Amnesty International rappelle qu'un pays sur dix dans le monde procède encore à des exécutions capitales légales  et plusieurs pays qui y avaient renoncé, tout en continuant de le prévoir dans leurs lois, s'y sont remis en 2012 : l'Inde, le Japon, le Pakistan, par exemple. En 2012, sur les 193 Etats membres de l'ONU, 21 continuaient d'exécuter légalement, et, sans compter la Chine (qui exécute à elle seule plus que tous les autres Etats, mais ne fournit aucun chiffre), on a dénombré 682 exécutions officiellement reconnues (sans compter les exécutions «extrajudiciaires», commises par la police, l'armée, des milices gouvernementales ou des services spéciaux), soit deux de plus eu'en 2011. Au Proche et Moyen-Orient, où ont lieu les trois quarts des exécutions légales (Chine non comprise) 99 % de celles-ci ont été commises en Irak (129 exécutions en 2012, deux fois plus qu'en 2011), en Iran (314) et en Arabie Saoudite (79) (aucun chiffre n'est disponible pour la Syrie et l'Egypte). Fin 2012, près de 24'000 personnes étaient sous le coup d'une sentence de mort dans le monde, dont 1722 condamnées en 2012 dans 58 pays. Dont 77 aux USA, 86 au Vietnam91 en Egypte, 106 en Thaïlande, 153 en Algérie, 199 au Soudan, 242 au Pakistan. 140 Etats sont abolitionnistes en droit ou en pratique, 58 conservent la peine de mort dans leur législation de droit commun. Et dans tous les pays qui l'ont abolie, des nostalgiques veulent la rétablir. Bref, y'a encore quelques pas à faire sur le chemin de la civilisation...

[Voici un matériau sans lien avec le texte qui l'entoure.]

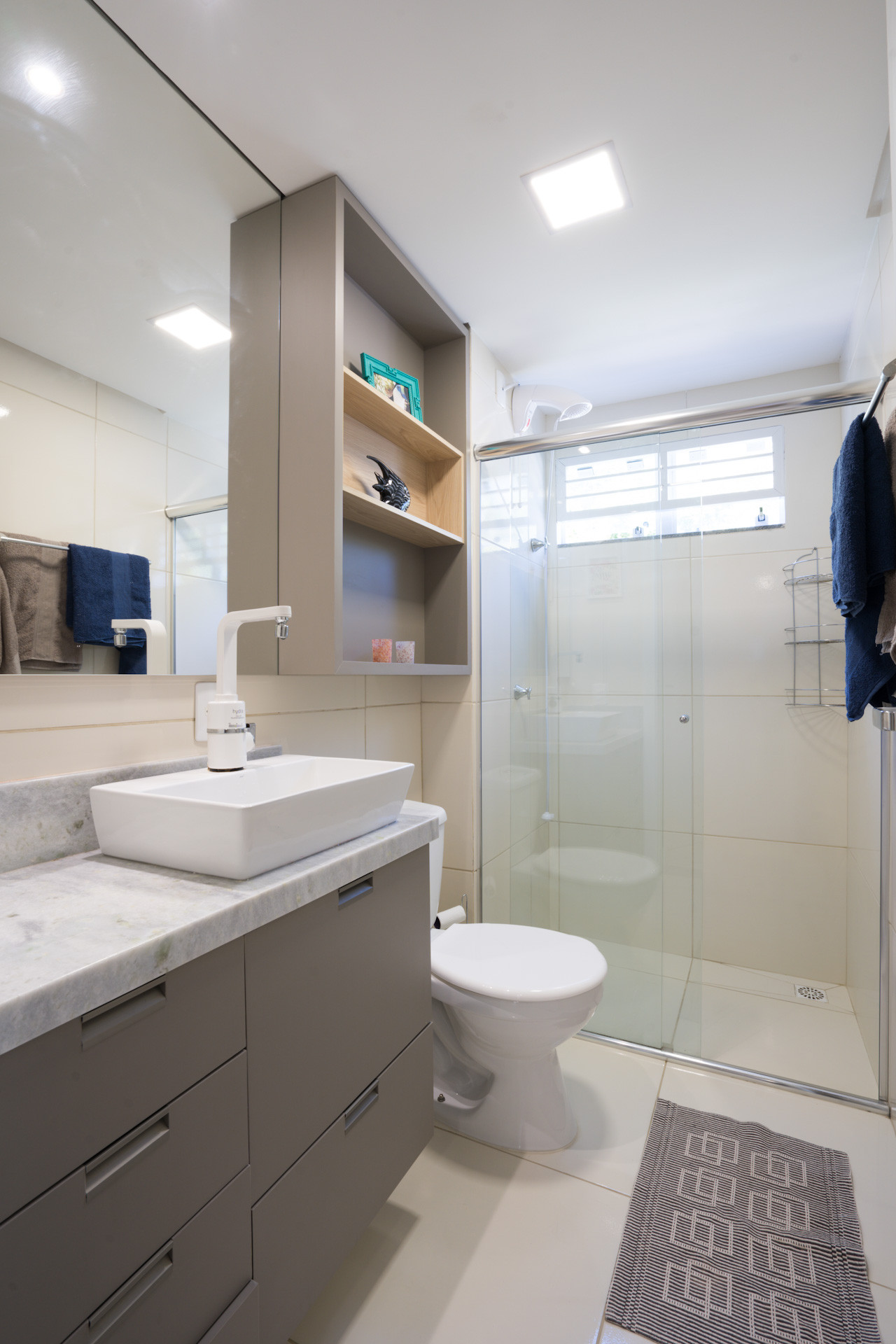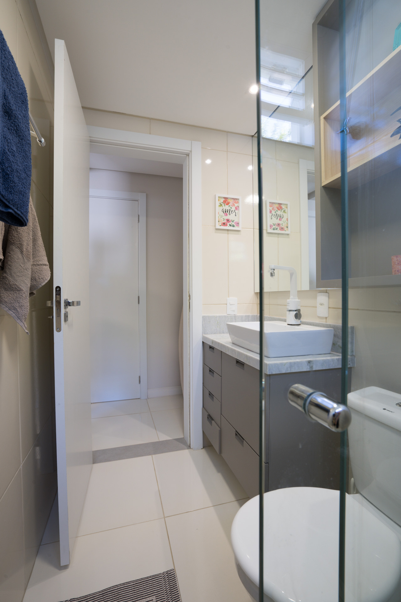 - Banheiros com chuveiro elétrico, box de vidro, armário e espelho

Alors que l'Europe, obsédée par l'immigration en provenance du sud, ne cesse de renforcer ses barricades et ses dispositifs de filtrage, des centaines de milliers d'Européens quittent chaque année l'Europe pour tenter de faire le voyage inverse de la plèbe périphérique. Les bureaux des représentations angolaises, mozambicaines, brésiliennes au Portugal ploient sous la charge des Portugais désireux d'émigrer (plus de 100'000 Portugais se sont installés en trois ans en Angola, où ils sont désormais aussi nombreux que lorsque l'Angola était colonie portugaise...), en Espagne ce sont les représentations des pays d'Amérique latine qui sont assaillies, et de nombreux jeunes cadres français regardent l'Afrique avec les mêmes yeux que des centaines de milliers de jeunes Africains regardent l'Europe. Et du coup, la xénophobie d'Etat et la chasses aux immigrants illégaux se font des deux côtés de la Méditerranée et de l'Atlantique : les garde-côtes algériens renvoient en Espagne des Espagnols voulant se faire embaucher en Algérie, et les service de l'immigration angolais expulsent des Portugais en situation irrégulière. Quant à nous, ici, pendant que Maudet entasse des « sans-papiers » à Champ-Dollon, on attend avec impatience la première fournée d'immigrants clandestins suisses expulsés de France Et la création en Haute-Savoie d'un parti politique anti-frontaliers genevois. La Schadenfreude, ça s'appellera, notre ricanement...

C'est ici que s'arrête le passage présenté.